Personal information
- Born: 3 July 1997 (age 28) Lahore, Punjab, Pakistan
- Batting: Right-handed
- Bowling: Right-arm medium-fast
- Role: Bowler

International information
- National side: Pakistan;
- T20I debut (cap 123): 22 July 2025 v Bangladesh
- Last T20I: 24 July 2025 v Bangladesh

Domestic team information
- 2021: Lahore Qalandars
- 2022: Melbourne Stars (squad no. 3)
- 2022: Central Punjab cricket team
- 2023–present: Lahore Whites (squad no. 93)
- 2025: Peshawar Zalmi
- 2026: Sialkot Stallionz
- 2026: Quetta Gladiators

Career statistics
| Competition | FC | T20 |
| Matches | 3 | 20 |
| Runs scored | 1 | 20 |
| Batting average | 1.00 | 5.00 |
| 100s/50s | 0/0 | 0/0 |
| Top score | 1 | 6* |
| Balls bowled | 414 | 426 |
| Wickets | 10 | 19 |
| Bowling average | 24.10 | 34.63 |
| 5 wickets in innings | 0 | 0 |
| 10 wickets in match | 0 | 0 |
| Best bowling | 3/33 | 4/28 |
| Catches/stumpings | 1/– | 1/– |
- Source: Cricinfo, 8 September 2022

= Ahmed Daniyal =

Pakistani cricketer (born 1997)

Ahmed Daniyal (born 3 July 1997) is a Pakistani cricketer.

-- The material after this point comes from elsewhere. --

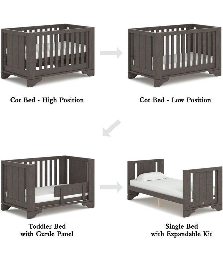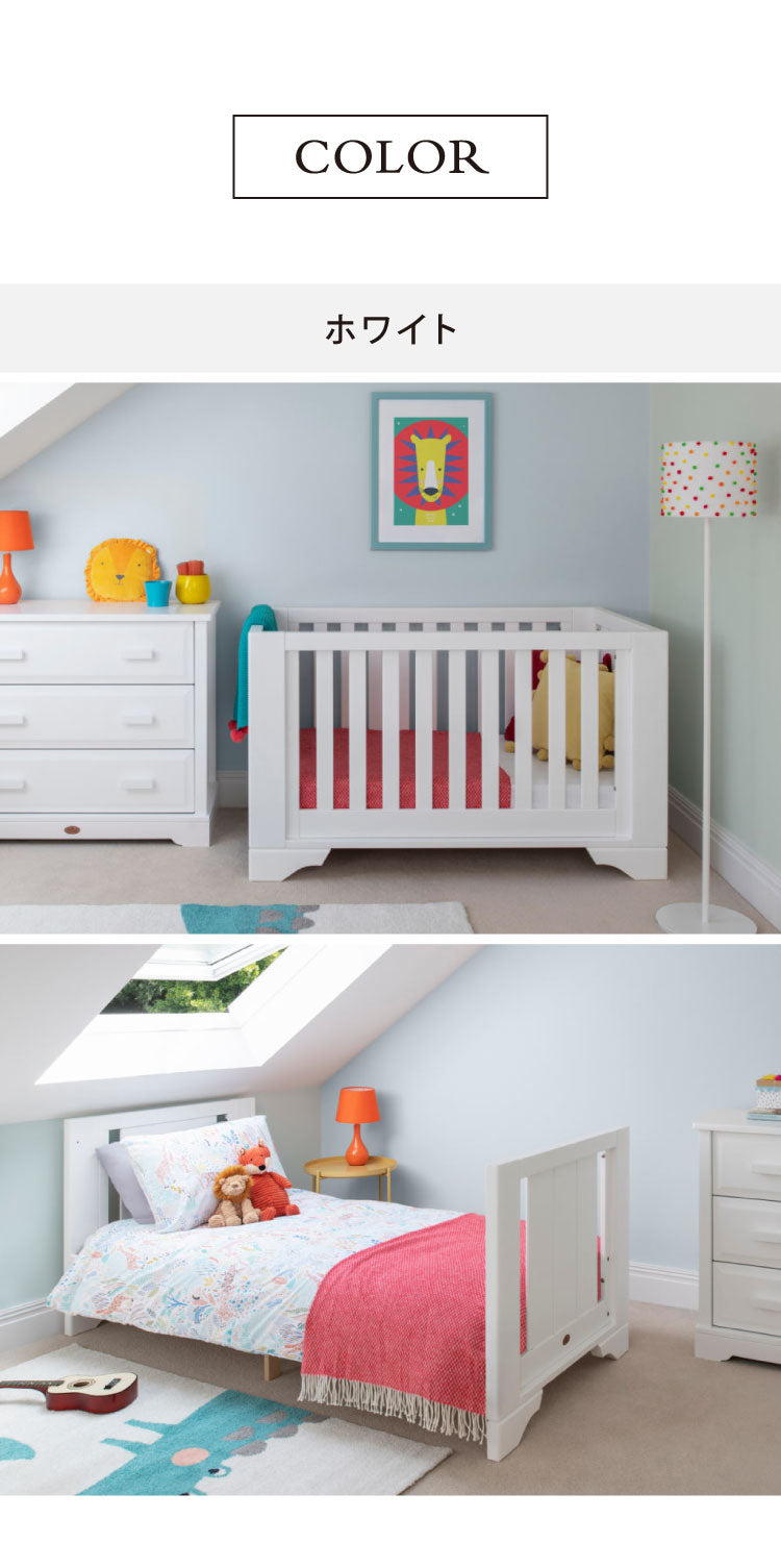 床板の高さは二段階調整。新生児から最上段で使い始め、掴まり立ちをする頃に最下段へ組み替えます。2歳頃から前柵を取り外してキッズベッドとしてお使いいただき、その後は専用の拡張キットを付けることでシングルベッドに形を変えることが可能です。お子様の成長に寄り添う家具になっています。

== Domestic and franchise career ==
He made his Twenty20 debut on 21 February 2021, for Lahore Qalandars in the 2021 Pakistan Super League.

He was part of the Lahore Qalandars' Players Development Program.

== International career ==
In his international debut during the second T20I in Bangladesh in July 2025, Daniyal made an immediate impact by bowling four overs for 23 runs and claiming two wickets. Most notably, he clocked a velocity of 146 km/h in his first over, prompting comparisons with Pakistan’s legendary speedster Shoaib Akhtar.

In November 2025, in the final of the Asia Cup Rising Stars between Pakistan Shaheens and Bangladesh A, Daniyal delivered a standout bowling performance. With precise and disciplined seam bowling, he claimed a match-winning haul (figures of 2/11 with an economy rate of 2.75) that stifled Bangladesh A’s chase and turned the momentum decisively in Pakistan’s favour. He later bowled the Super Over, conceding only 6 runs (including 5 wides) and taking both wickets, thus setting a low target of 7 for the Shaheens. For his contribution he was declared Player of the Match.